(Ital el JDRHM) La Ciudad bajo la Ciudad 14: Uriah (Los Grandes Chamanes)
Buenos días a todos. Hoy os escribo desde una tierra oscura, preñada de tristeza, donde nubes de ceniza ocultan el sol. No, no me he mudado a Mordor, aunque imagino que el aire que allí se respira bien puede compartir el mismo sabor que el de Cantabria estas semanas. En torno a un centenar de incendios provocados en el mes de octubre. Cerca de 44 en las mismas 24 horas...
Lo siento si el mundo que me rodea tiñe lo que escribo. En fin, volviendo a lo nuestro, hoy os traigo otra entrega de la Batalla de los Marjales.
Autor Joseph C-Knight en ArtStation |
«Tu no eres Iván.» No dejaba de repetir Uriah para sus adentros, el rubor de la vergüenza oculto bajo la celada de su yelmo, mientras contemplaba la marcha del caballero negro.
Sus restantes camaradas esperaban, pacientes, sus órdenes.
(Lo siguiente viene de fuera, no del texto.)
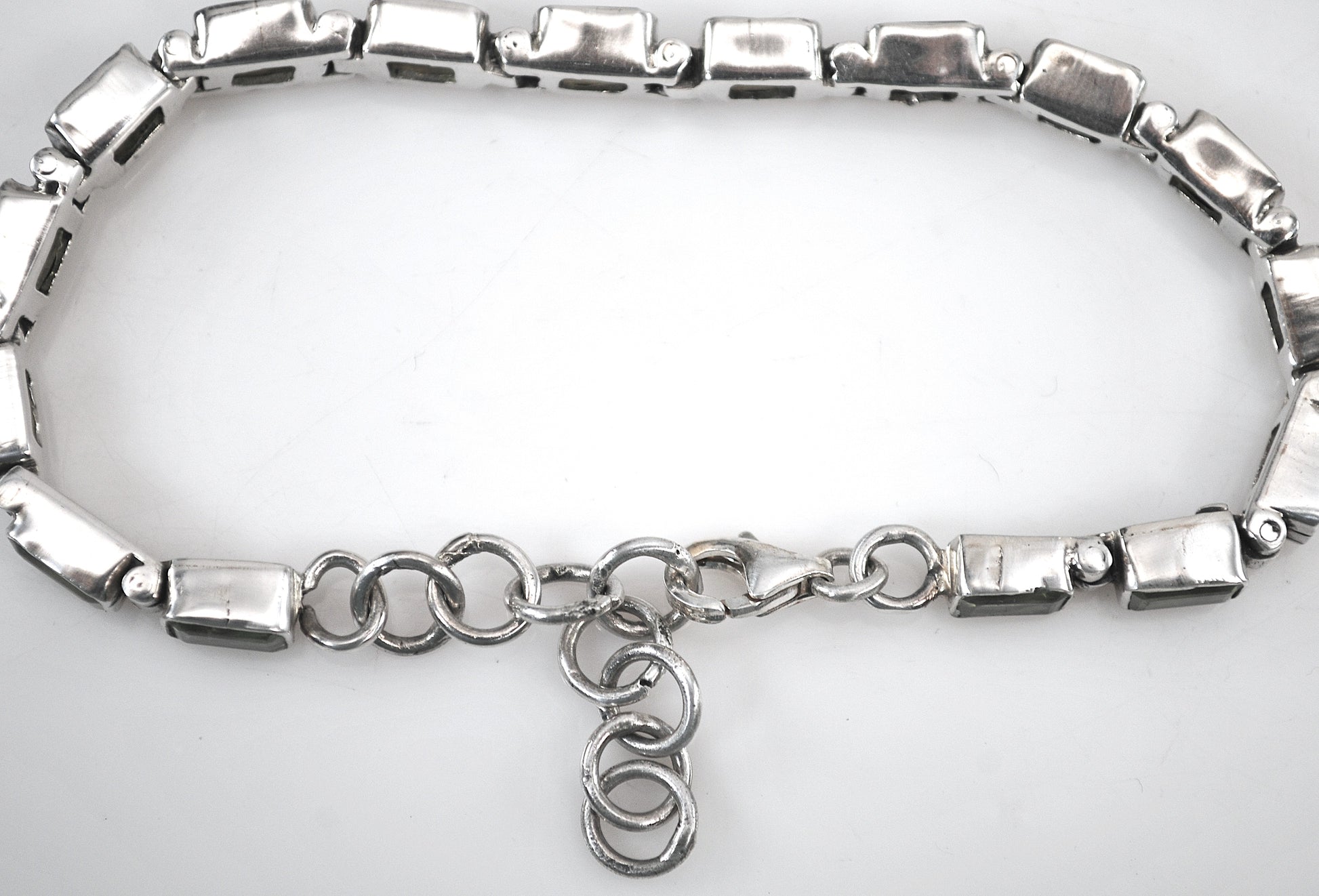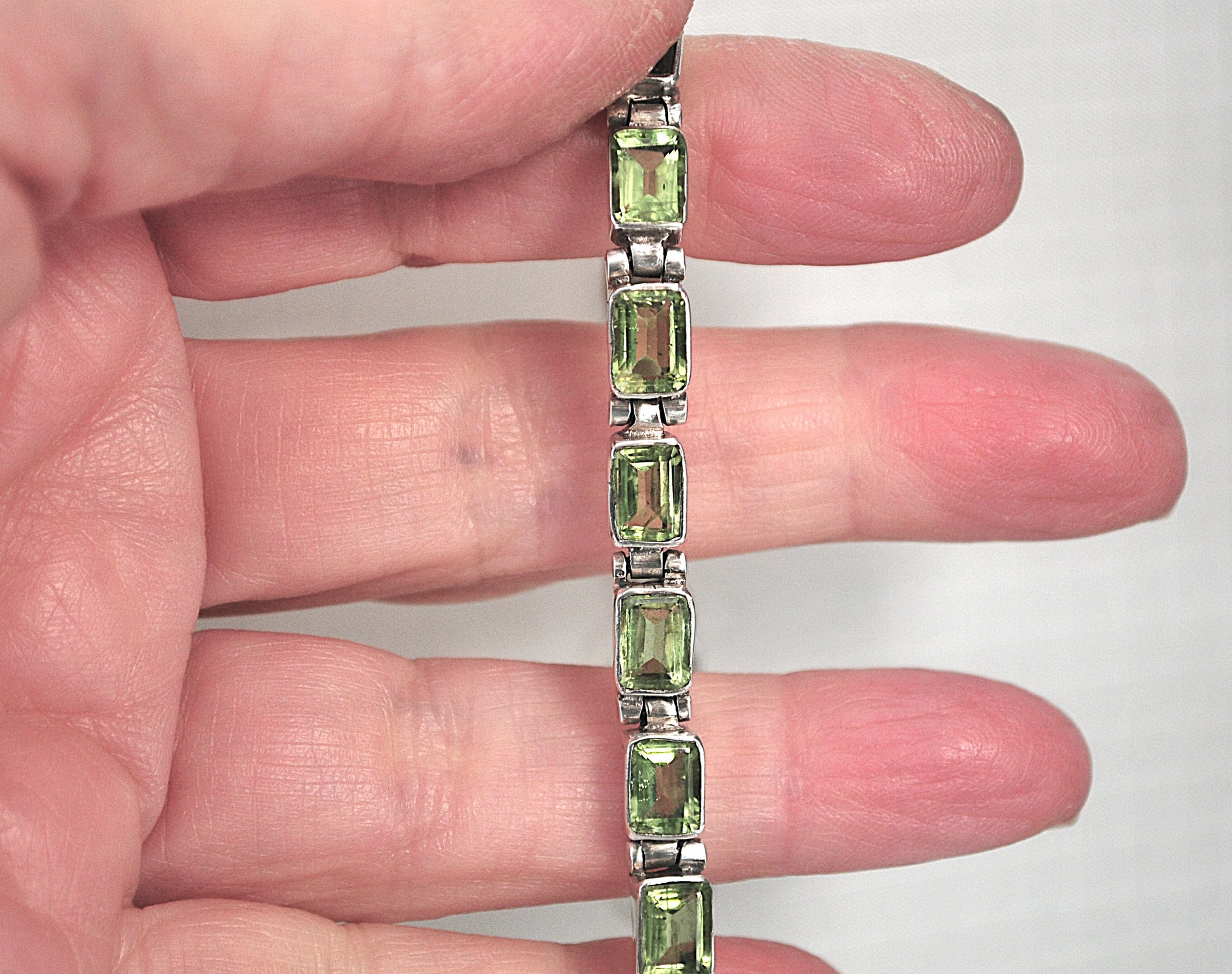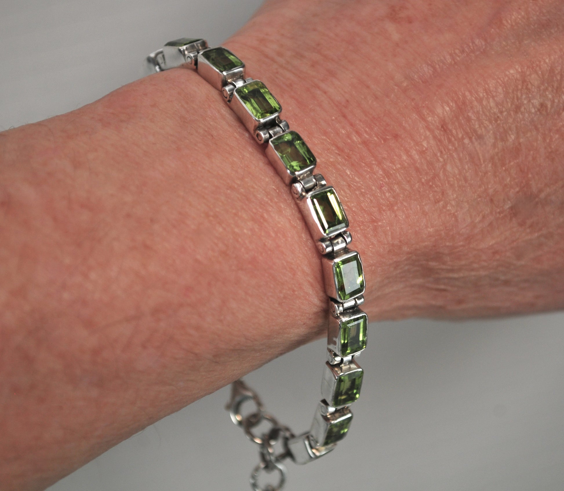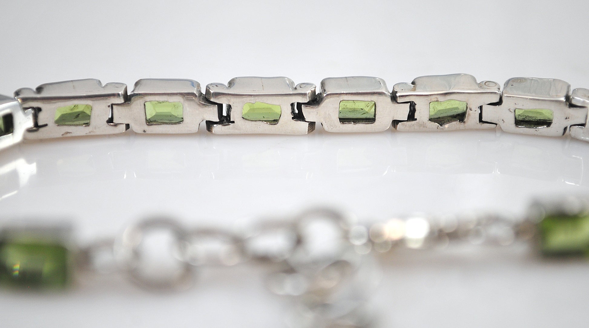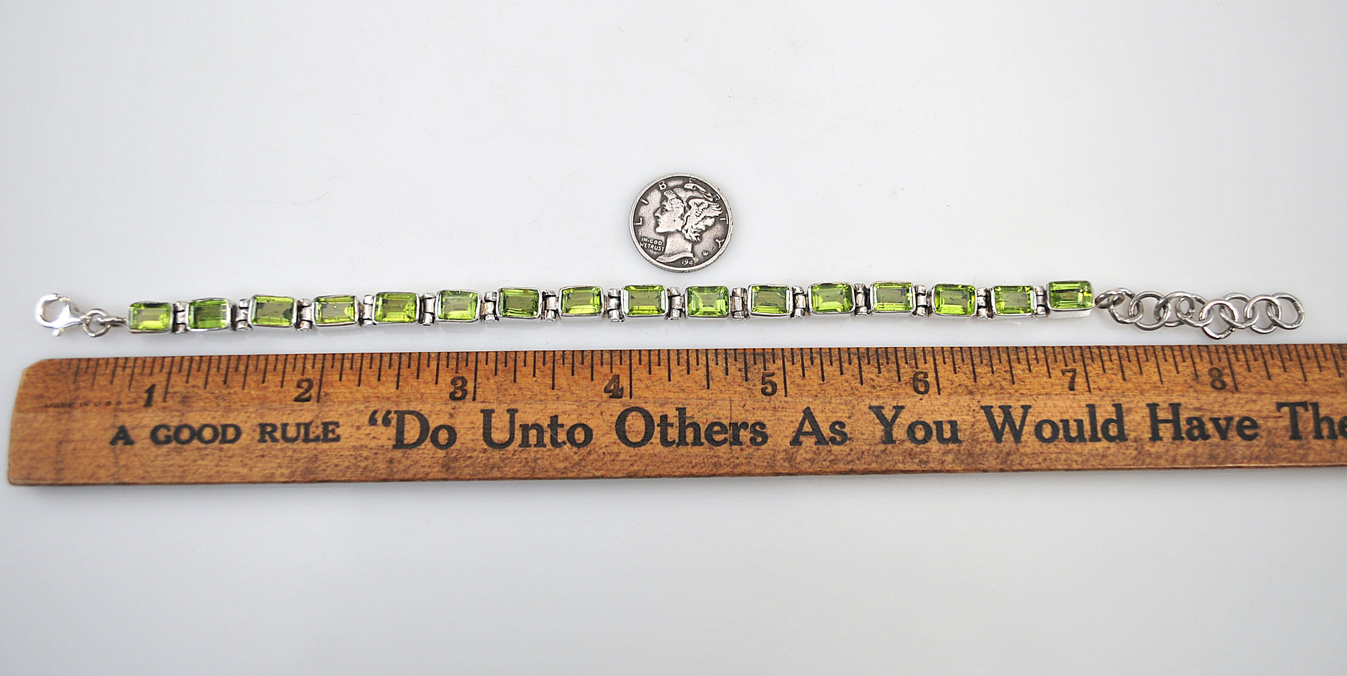 Sterling silver Peridot bracelet is marked 925 and features approximately 7x5.5mm rectangle stones and offers adjustable lengths.

Los que no esperaban a nadie eran los regimientos de infantería que perseguían a los hobzs fugitivos. La segunda oleada de la horda corría en franca desbandada. Allí donde eran frenados por los batidores montados, las lanzas de Aubea y las alabardas de Esgembrer daban cuenta de ellos. Los que alcanzaban las filas de los guerreros forqzs eran rechazados con desdén y obligados a formar de nuevo.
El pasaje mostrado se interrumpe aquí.